After the early morning bus, and spending an enjoyable afternoon and night in the town that consisted of nothing more than bars, restaurants, and cafes, I caught the first bus out of town the following day, to try and make the train connection from Mbeya to Dar es Salaam. In the end I made the connection with 6 hours to spare, with the Tazara train running reliably late, and spent a few lazy hours sat people watching in the gloriously Communist, Chinese-built station waiting room, which had not an inch of unnecessary decoration of elaboration. At 5pm, a mere 4 hours later than scheduled (remarkable early by some accounts), the deep rumble of the train’s horn was the signal for everyone to dash to the platform doors and to try to force their way on to the train. 45 minutes later, with everyone aboard, all supplies for the journey bought from the hawkers on the platform, and with the sun beginning to
drop towards the horizon, another blast of the horn signaled our departure.

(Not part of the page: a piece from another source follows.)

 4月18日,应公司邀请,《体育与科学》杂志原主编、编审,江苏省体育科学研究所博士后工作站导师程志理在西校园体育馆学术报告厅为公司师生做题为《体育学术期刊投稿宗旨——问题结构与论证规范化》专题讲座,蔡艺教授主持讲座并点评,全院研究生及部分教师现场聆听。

The engine roared into life, sending vibrations rumbling through the carriages, and then, with an elongated creek, a jerk forward, and the crunch and crack of carriages moving forward and back and into one another, we were on our way. Soon the clattering of wheels on the tracks filled the air, as we sped out of Mbeya, followed on our way by the screams and shouts of children who lined the trackside on the edge of town – jumping and running with both hands in the air, it was as if it was an annual celebration, not the twice weekly train. From those first moments, until we rolled into Dar 24 hours later, it was an utterly magical journey.
Hour after hour passed, as we rumbled east towards the coast, gently rocked by the motion of the train, past the mountains and mist-covered hillsides of Mbeya and the Southern Highlands, with waterfalls cascading into the valleys following the recent rains. Along our way, each station that we came to a halt at became a market place – for everything from potatoes, carrots, bananas, fish, cooked rice and beans meals, and half-used bags of cement – as people from the neighbouring towns and villages rushed out onto the tracks as we arrived at each stop. Young boys would jump onto the train's steps as we rolled away, whistling and screaming, and daring each other to stay on as the train got faster and faster, before jumping onto the sharp gravel stones below and running alongside the train as their momentum carried them forward. As midday came on the second day, we passed through the Selous Game Reserve, past gazelles and impalas, and one majestic male elephant, who turned to face the train as we flew passed, his skin caked with red dust, and enormous white tusks shining in the sunlight. As night fell, I stood by a glassless window, with my head to the wind, and as the train clattered, rolled and rumbled into the night, and with my mp3 player of full, I once again rode with the moon, full of thoughts of home, and the joys of the journey underway.
As we pulled in Dar that night, I’d finally left Western Tanzania after three fantastic weeks – an amazing place where time seems to stand still, where getting there is more than half the fun (but may take over 4 times as long), and where Africa seems to have forgotten to change to suit our Western tastes. Glorious, glorious, Western Tanzania.